Nor do our cases suggest that, in order to obtain more than a review of the face of the indictment, the section 2255 petitioner must specifically plead a defect in the instructions or in the evidence. Cf. Bonansinga, 855 F.2d at 477, 479 (petitioner challenged indictment and jury instructions; court refused to vacate conviction in part because it accepted the government’s argument that “the only evidence introduced in support of Bonansinga’s intangible rights prosecution” unequivocally demonstrated Bonansinga’s participation in conduct clearly prohibited by the mail fraud statute as construed in McNally) (emphasis supplied). Moreover, while not all of these cases have found it necessary to emphasize the point, they have all recognized, as a fundamental element of their methodology, that the *128court’s task in a section 2255 proceeding is to ensure that the appellant was convicted because he engaged in conduct proscribed by the mail fraud statute. The instructions and the evidence were examined to answer this basic question, not to identify any procedural flaw that, on direct appeal, might have required a new trial. This approach is certainly compatible with the Supreme Court’s holding in Davis v. United States, 417 U.S. 333, 94 S.Ct. 2298, 41 L.Ed.2d 109 (1974). That case hardly suggests that a section 2255 inquiry must be limited to the indictment. It simply emphasizes that, on collateral attack, the appropriate inquiry is limited to “whether the claimed error of law was ‘a fundamental defect which inherently results in a complete miscarriage of justice,’ and whether ‘[i]t ... presents] exceptional circumstances where the need for the remedy afforded by the writ of habeas corpus is apparent.’ ” Id. at 346, 94 S.Ct. at 2305 (quoting Hill v. United States, 368 U.S. 424, 428, 82 S.Ct. 468, 471, 7 L.Ed.2d 417 (1962)).

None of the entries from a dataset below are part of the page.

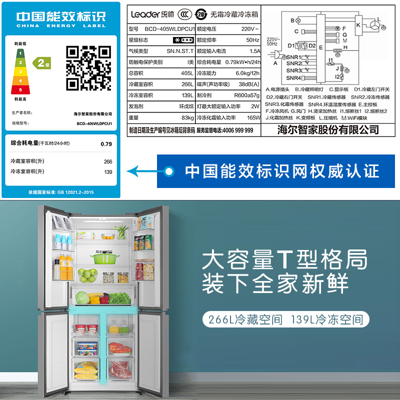 Haier commander-in-chief cross four doors frequency conversion air-cooled frost-free smart home refrigerator BCD-405WLDPCU1
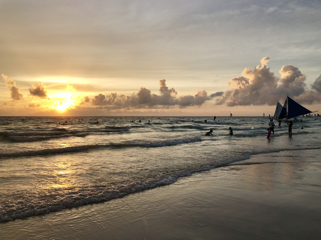 落日风帆可以算是长滩岛最著名的景观。你可以在沙滩上观赏有风帆衬托的海面落日,也可以乘坐帆船在海面行驶中欣赏落日。我们选择了前者。如果没有海面的风帆,落日就是普通的大海日落,而有了风帆,真的很美很美……
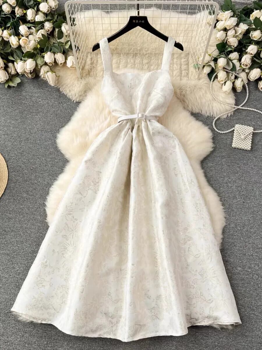 Pinkoz デザイナースパゲッティストラップ A ラインスタイリッシュミディドレス夏春パーティーディナー Vestidos エレガントヴィンテージ ピンク スプリング 春物 サマー 夏物 Aライン ビンテージ
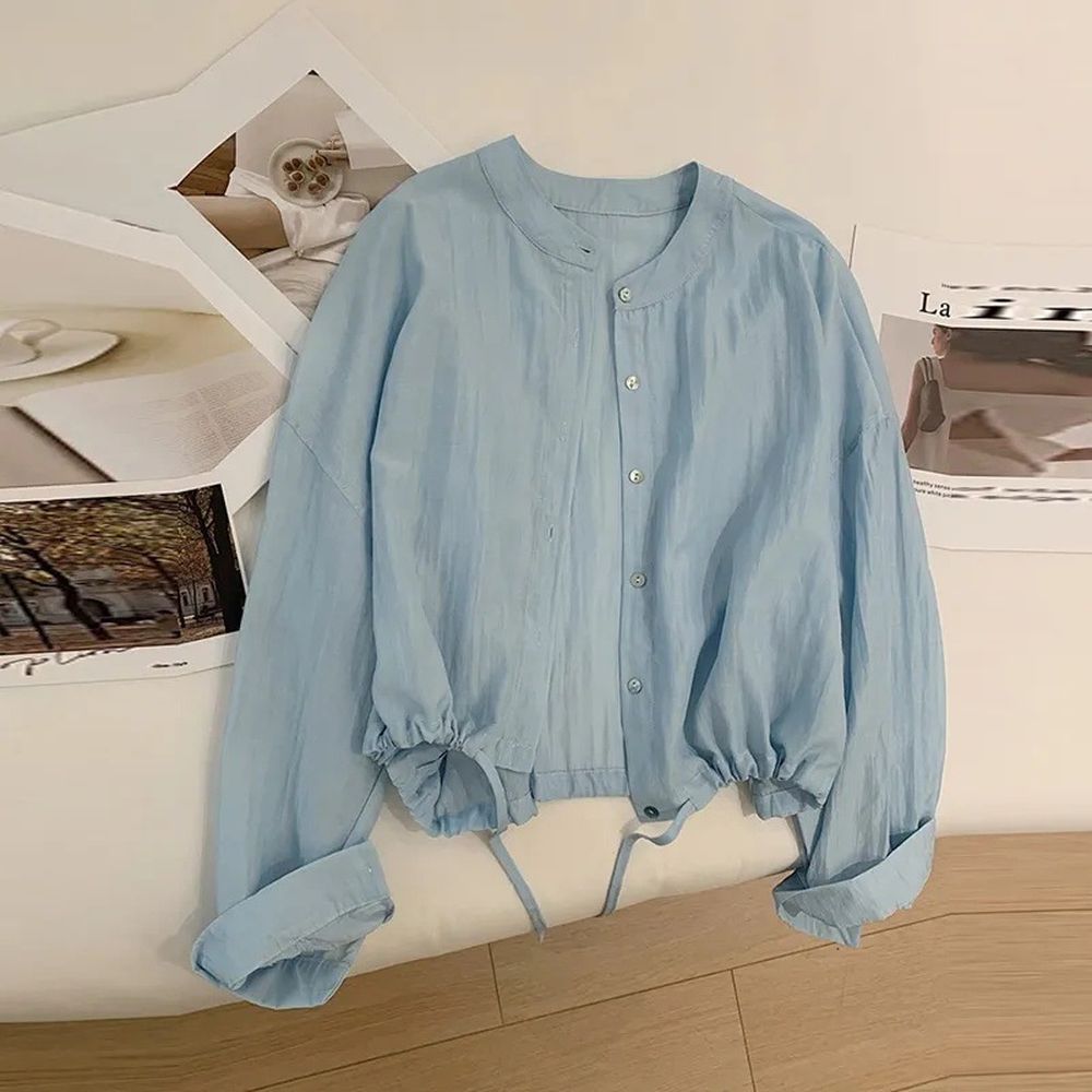 Retro Long Sleeve Shirt Women's Loose Casual Short Top

In its brief, the government argued that the indictment sufficiently charged an offense and that the jury instructions did not render the trial fundamentally unfair since it was impossible for the jury to find the existence of a scheme to deprive the City of intangible rights without also finding the existence of a scheme to deprive the City of property interests. See Appellee’s Br. at 19-24. This is substantially the same analysis that this court’s cases have employed in reviewing section 2255 attacks on pre-McNally mail fraud convictions. It is the analysis we should expect to see from the government in future cases as well.